Skip the pictures. Transcribe the rest of the data below without changing a word.

START Listed records

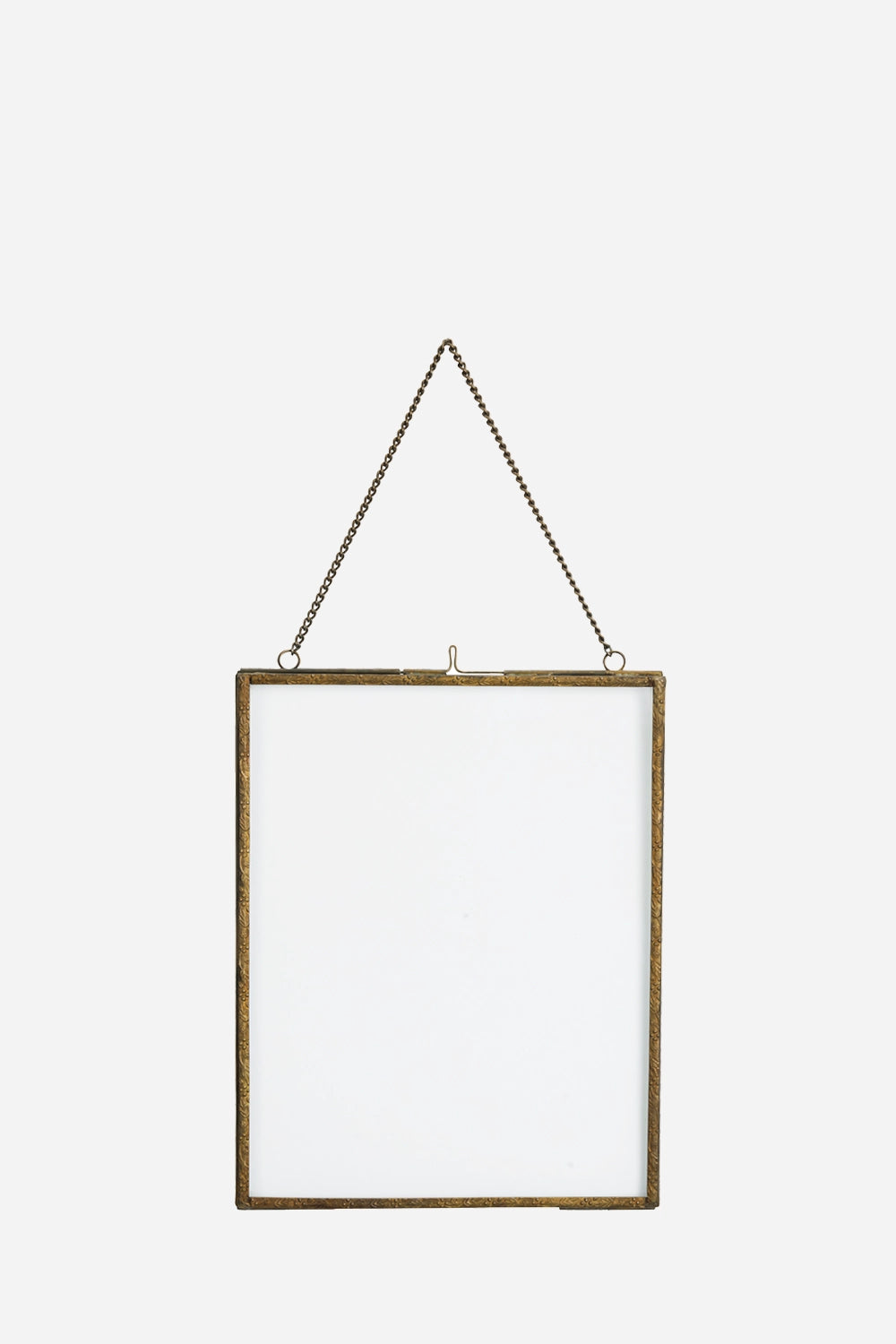 A hanging photo frame by Madam Stoltz, crafted in India from iron and glass with a clear, aged brass finish. The decorative embossed edge carries delicate floral imprints, adding a gentle vintage character that sits comfortably within a range of interiors.
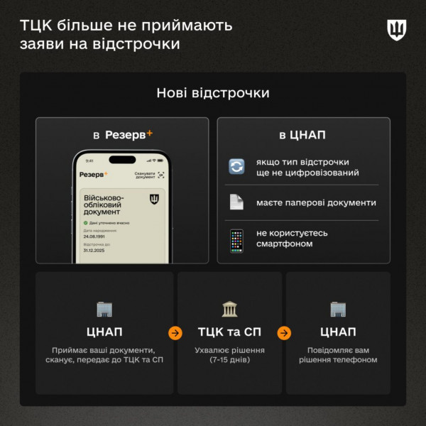 Зміни внесено до постанови Кабінету Міністрів №560. Вони передбачають автоматичне продовження більшості відстрочок, пріоритет оформлення в цифровому форматі через застосунок "Резерв+", а також подання документів у ЦНАП замість ТЦК.
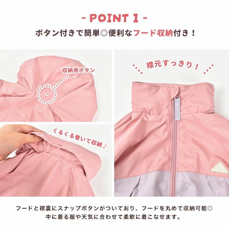 【カラバリウィンドブレーカー】ソフトなタフタ生地と通気性の良いメッシュ裏地でオールシーズン着用できる、カラフルでかわいいウインドブレーカー。豊富なカラバリで男の子も女の子も着られるラインナップをご用意♪コンパクトに持ち運べるので、季節の変わり目の上着にぴったり。生地は軽量で撥水加工がされているので、外遊びも安心◎フードはボタンで留めて収納可能です。
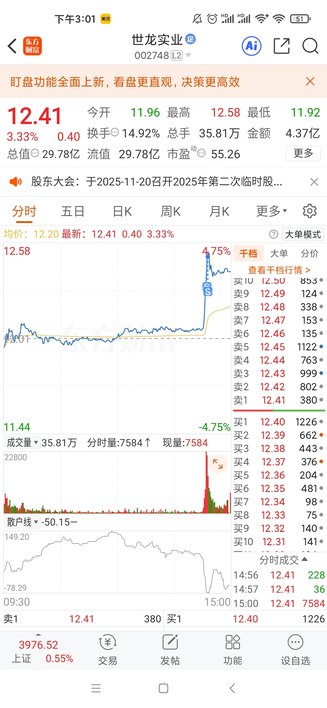 $世龙实业(SZ002748)$ 拉尾盘,来不及解释,快跑
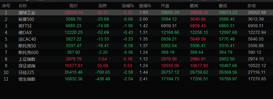 美股收盘情况:道琼斯工业指数涨0.12%,至29239.32点;
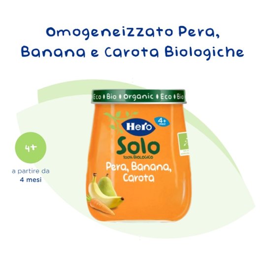 Omogeneizzato Pera, Banana e Carota Biologiche Hero Baby Solo: Gusto Naturale e Nutrizione per la Crescita del Tuo Bambino
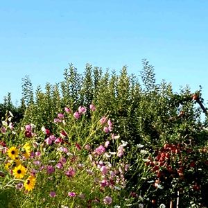こんばんは 秋 リンゴの収穫時です🍎🍎🍎🍎 コスモスとひまわり🌻🌸たくさん 咲いて賑やかなガーデンです ご近所のガーデンカフェにお出かけ リンゴも真っ赤久です 青空も素敵 気持ちの良い休日です☕️

END Listed records

Solved exercise:
 A hanging photo frame by Madam Stoltz, crafted in India from iron and glass with a clear, aged brass finish. The decorative embossed edge carries delicate floral imprints, adding a gentle vintage character that sits comfortably within a range of interiors.
 Зміни внесено до постанови Кабінету Міністрів №560. Вони передбачають автоматичне продовження більшості відстрочок, пріоритет оформлення в цифровому форматі через застосунок "Резерв+", а також подання документів у ЦНАП замість ТЦК.
 【カラバリウィンドブレーカー】ソフトなタフタ生地と通気性の良いメッシュ裏地でオールシーズン着用できる、カラフルでかわいいウインドブレーカー。豊富なカラバリで男の子も女の子も着られるラインナップをご用意♪コンパクトに持ち運べるので、季節の変わり目の上着にぴったり。生地は軽量で撥水加工がされているので、外遊びも安心◎フードはボタンで留めて収納可能です。
 $世龙实业(SZ002748)$ 拉尾盘,来不及解释,快跑
 美股收盘情况:道琼斯工业指数涨0.12%,至29239.32点;
 Omogeneizzato Pera, Banana e Carota Biologiche Hero Baby Solo: Gusto Naturale e Nutrizione per la Crescita del Tuo Bambino
こんばんは 秋 リンゴの収穫時です🍎🍎🍎🍎 コスモスとひまわり🌻🌸たくさん 咲いて賑やかなガーデンです ご近所のガーデンカフェにお出かけ リンゴも真っ赤久です 青空も素敵 気持ちの良い休日です☕️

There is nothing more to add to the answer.